## Task statement
Write out only the lines from the line containing "- Видимое улучшение" to the end of the listing below, both included, exactly as they stand. Drop the pictures.

## Record extracts
***

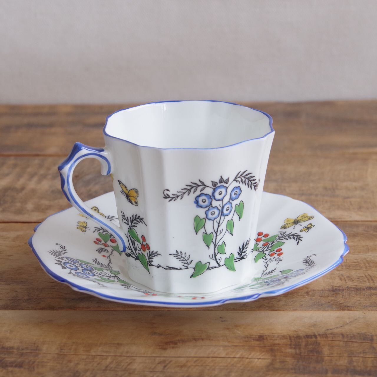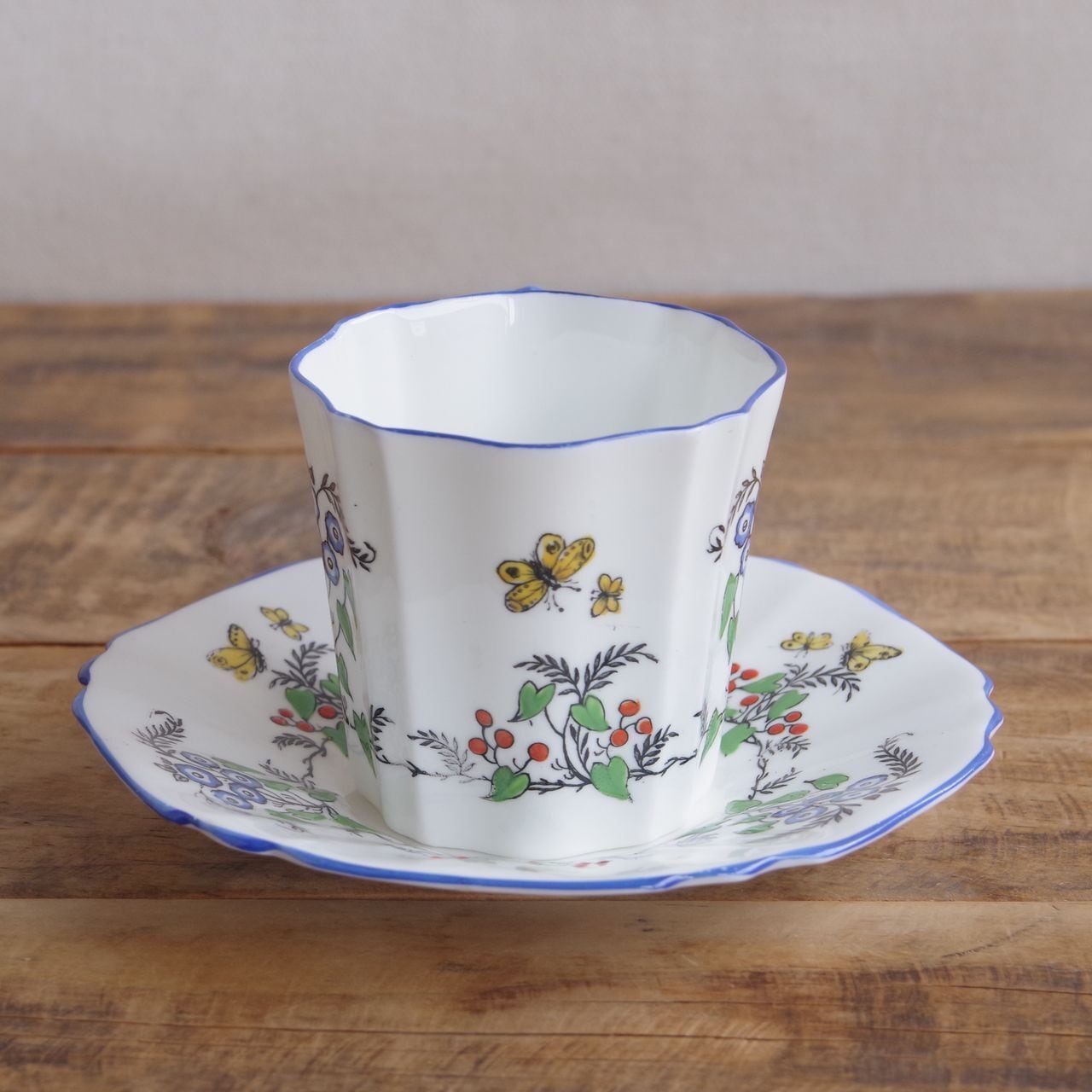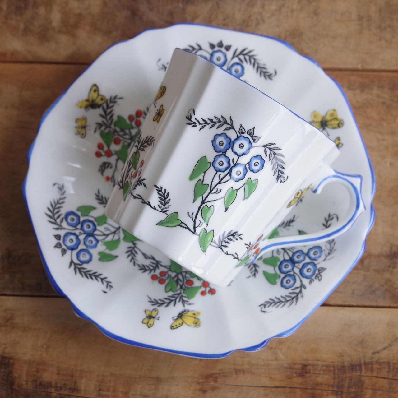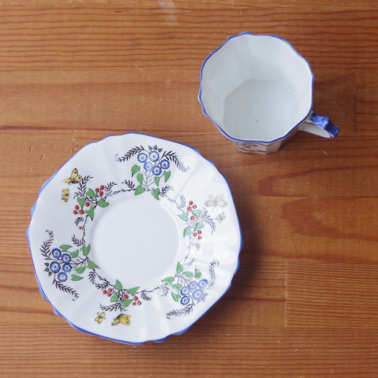 コーリングウッド 蝶 ツタ 花柄 コーヒーカップ&ソーサー Collingwood #250425-6 アンティーク食器 イギリス ヴィンテージ 陶器 レトロ ブルー 赤い実 青 アールデコ
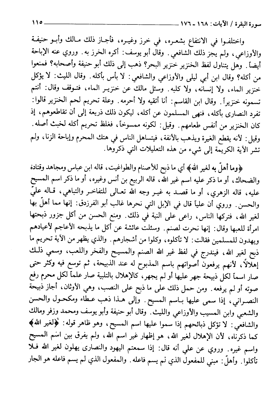 وَمَنَعَ الْحَسَنُ مِنْ أَكْلِ جَزُورٍ ذَبَحَتْهَا امْرَأَةٌ لِلَعِبِهَا وَقَالَ: إِنَّهَا نَحَرَتْ لِصَنَمٍ. وَسُئِلَتْ عَائِشَةُ عَنْ أَكْلِ مَا يَذْبَحُهُ الْأَعَاجِمُ لِأَعْيَادِهِمْ وَيَهْدُونَ لِلْمُسْلِمِينَ فَقَالَتْ: لَا تَأْكُلُوهُ، وَكُلُوا مِنْ أَشْجَارِهِمْ. وَالَّذِي يَظْهَرُ مِنَ الْآيَةِ تَحْرِيمُ مَا ذُبِحَ لِغَيْرِ اللَّهِ، فَيَنْدَرِجُ فِي لَفْظِ غَيْرِ اللَّهِ الصَّنَمُ وَالْمَسِيحُ وَالْفَخْرُ وَاللَّعِبُ، وَسُمِّيَ ذَلِكَ إِهْلَالًا، لِأَنَّهُمْ يَرْفَعُونَ أَصْوَاتَهُمْ بِاسْمِ الْمَذْبُوحِ لَهُ عِنْدَ الذَّبِيحَةِ، ثُمَّ تَوَسَّعَ فِيهِ وَكَثُرَ حَتَّى صَارَ اسْمًا لِكُلِّ ذَبِيحَةٍ جُهِرَ عَلَيْهَا أَوْ لَمْ يُجْهَرْ، كَالْإِهْلَالِ بِالتَّلْبِيَةِ صَارَ عَلَمًا لِكُلِّ مُحْرِمٍ رَفَعَ صَوْتَهُ أَوْ لَمْ يَرْفَعْهُ. وَمَنْ حَمَلَ ذَلِكَ عَلَى مَا ذُبِحَ عَلَى النُّصُبِ، وَهِيَ الْأَوْثَانُ، أَجَازَ ذَبِيحَةَ النَّصْرَانِيِّ، إِذَا سَمَّى عَلَيْهَا بِاسْمِ الْمَسِيحِ. وَإِلَى هَذَا ذَهَبَ عَطَاءٌ وَمَكْحُولٌ وَالْحَسَنُ وَالشَّعْبِيُّ وَابْنُ الْمُسَيَّبِ وَالْأَوْزَاعِيُّ وَاللَّيْثُ. وَقَالَ أَبُو حَنِيفَةَ وَأَبُو يُوسُفَ وَمُحَمَّدٌ وَزُفَرُ وَمَالِكٌ وَالشَّافِعِيُّ: لَا تُؤْكَلُ ذَبَائِحُهُمْ إِذَا سَمَّوْا عَلَيْهَا اسْمَ الْمَسِيحِ، وَهُوَ ظَاهِرُ قَوْلِهِ: لِغَيْرِ اللَّهِ كَمَا ذَكَرْنَاهُ، لِأَنَّ الْإِهْلَالَ لِغَيْرِ اللَّهِ، هُوَ إِظْهَارُ غَيْرِ اسْمِ اللَّهِ، وَلَمْ يُفَرِّقْ بَيْنَ اسْمِ الْمَسِيحِ وَاسْمِ غَيْرِهِ.
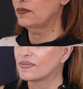 - Видимое улучшение линии подбородка и шеи уже через несколько дней.
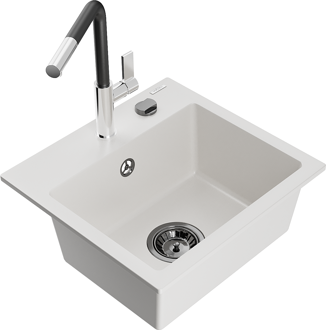 Mexen Milo vienosios kameros granito plautuvė su virtuviniu maišytuvu Flora, balta - 6505-20-670401-07-B
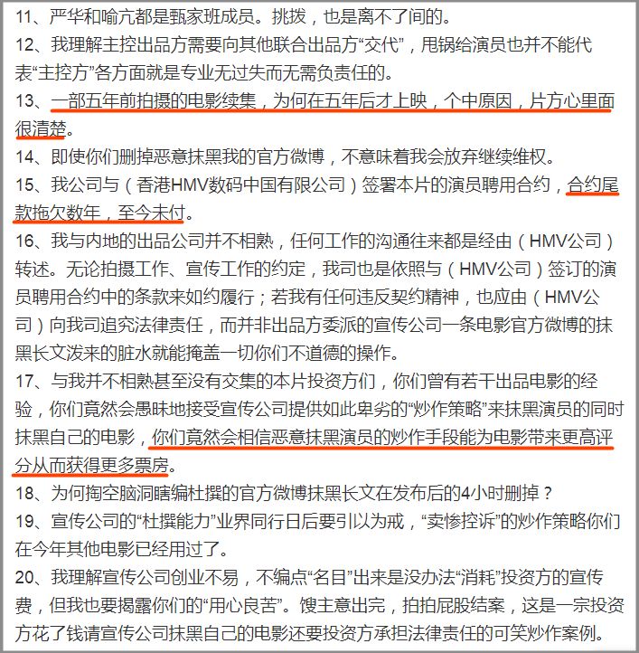 紧接着,出品方就开始罗列甄子丹的“罪状”,我来给大家画一下重点:
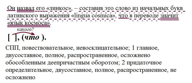 Он назвал его «линкос», – составив это слово из начальных букв латинского выражения «lingua cosmica», что в переводе значит «язык космоса»(синтаксический разбор +схема)пожалуйста, нужна помощь

***

## Final answer
 - Видимое улучшение линии подбородка и шеи уже через несколько дней.
 Mexen Milo vienosios kameros granito plautuvė su virtuviniu maišytuvu Flora, balta - 6505-20-670401-07-B
 紧接着,出品方就开始罗列甄子丹的“罪状”,我来给大家画一下重点:
 Он назвал его «линкос», – составив это слово из начальных букв латинского выражения «lingua cosmica», что в переводе значит «язык космоса»(синтаксический разбор +схема)пожалуйста, нужна помощь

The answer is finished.